For example, a raw table output from the mtcars dataset looks like this:
head(mtcars, 5)
mpg cyl disp hp drat wt qsec vs am gear carb
Mazda RX4 21.0 6 160 110 3.90 2.620 16.46 0 1 4 4
Mazda RX4 Wag 21.0 6 160 110 3.90 2.875 17.02 0 1 4 4
Datsun 710 22.8 4 108 93 3.85 2.320 18.61 1 1 4 1
Hornet 4 Drive 21.4 6 258 110 3.08 3.215 19.44 1 0 3 1
Hornet Sportabout 18.7 8 360 175 3.15 3.440 17.02 0 0 3 2
Now, applying thekids_table()
transforms it into a clean, visually appealing format with branding elements:
head(mtcars, 5) %>%
thekids_table(colour = "Saffron", font.size = 10)

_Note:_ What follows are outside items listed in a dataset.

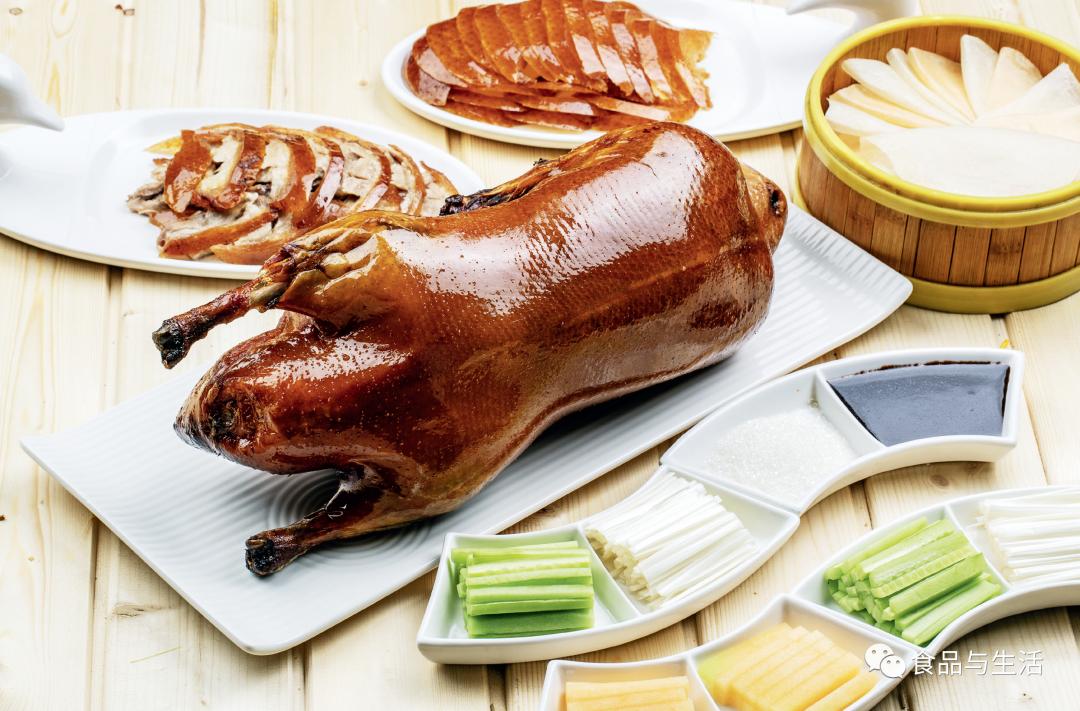 烤鸭是北京的“门面”,到北京吃烤鸭也似乎成为游客必须完成的规定动作。新鲜出炉的烤鸭体态肥美,色泽棕黄油亮,皮下油脂呼之欲出。趁厨师刚片完鸭肉的热乎劲儿,取一片薄如蝉翼的饼皮摊于掌心,以筷子蘸几缕甜面酱至其上,最后裹入鸭片和少许黄瓜丝、葱白丝及山楂条,入口酥脆香醇,美哉悠哉,这是许多外地游客脑海中的北京印象。
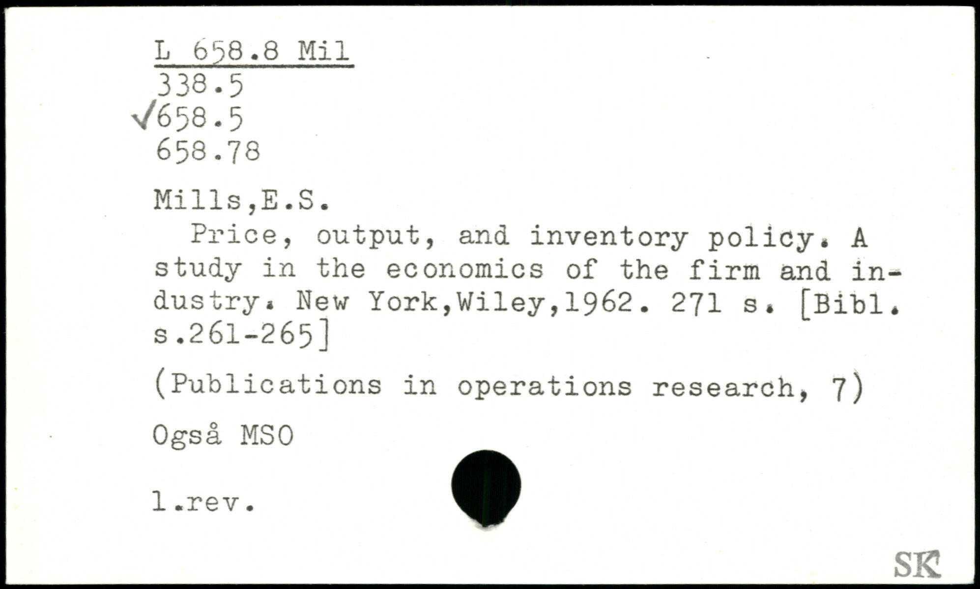 Price, output, and inventory policy. A study in the economics of the firm and industry.
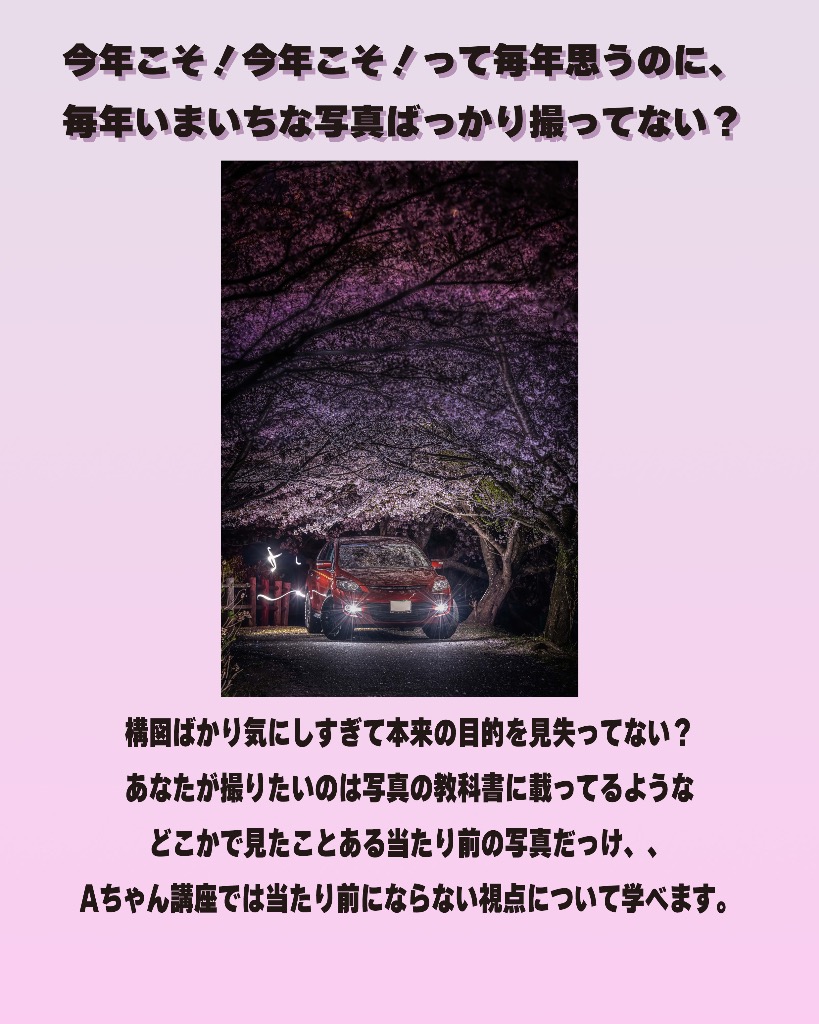 一年に一度しかないこの時期に息を呑むような圧倒的な、かっこいい桜と愛車の写真の撮り方を桜が咲く前に、オンラインZoomにて学び、実際に現地でレッスンします♪
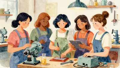– Elmdə qadınlar, laboratoriya xalatları və tədqiqat mühitləri şəkilləri.
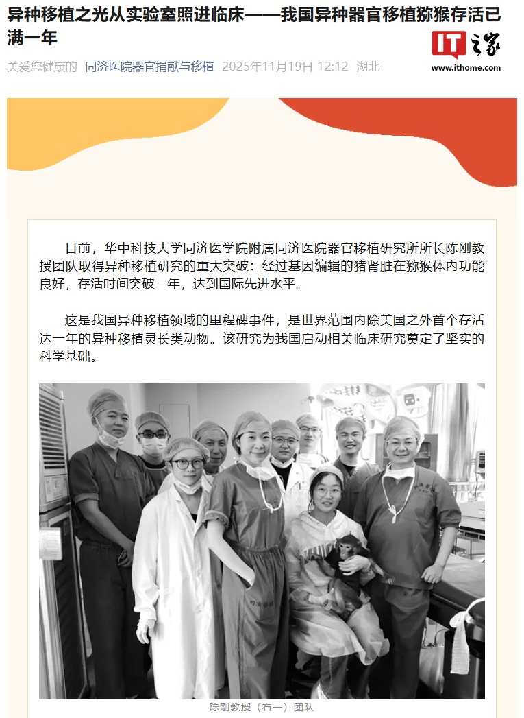 IT之家从同济医院器官捐献与移植官方公众号获悉,2024 年 11 月,团队首次在国内实现了基因编辑猪肾移植至猕猴体内成功存活超过半年;2025 年 10 月 28 日,(同一批的另一只)猪肾存活时间突破一年,各项生理指标稳定,成为除美国之外首个存活达一年的异种移植灵长类动物案例。

mpg | cyl | disp | hp | drat | wt | qsec | vs | am | gear | carb |
---|---|---|---|---|---|---|---|---|---|---|
21.0 | 6 | 160 | 110 | 3.90 | 2.620 | 16.46 | 0 | 1 | 4 | 4 |
21.0 | 6 | 160 | 110 | 3.90 | 2.875 | 17.02 | 0 | 1 | 4 | 4 |
22.8 | 4 | 108 | 93 | 3.85 | 2.320 | 18.61 | 1 | 1 | 4 | 1 |
21.4 | 6 | 258 | 110 | 3.08 | 3.215 | 19.44 | 1 | 0 | 3 | 1 |
18.7 | 8 | 360 | 175 | 3.15 | 3.440 | 17.02 | 0 | 0 | 3 | 2 |
This outputs a compact, zebra-striped table ready for inclusion in Word or HTML reports. However, the padding and striped options can be changed if we would prefer some more space without any stripes:
head(mtcars, 5) %>%
thekids_table(colour = "Saffron", font.size = 10, padding = 4, striped = F)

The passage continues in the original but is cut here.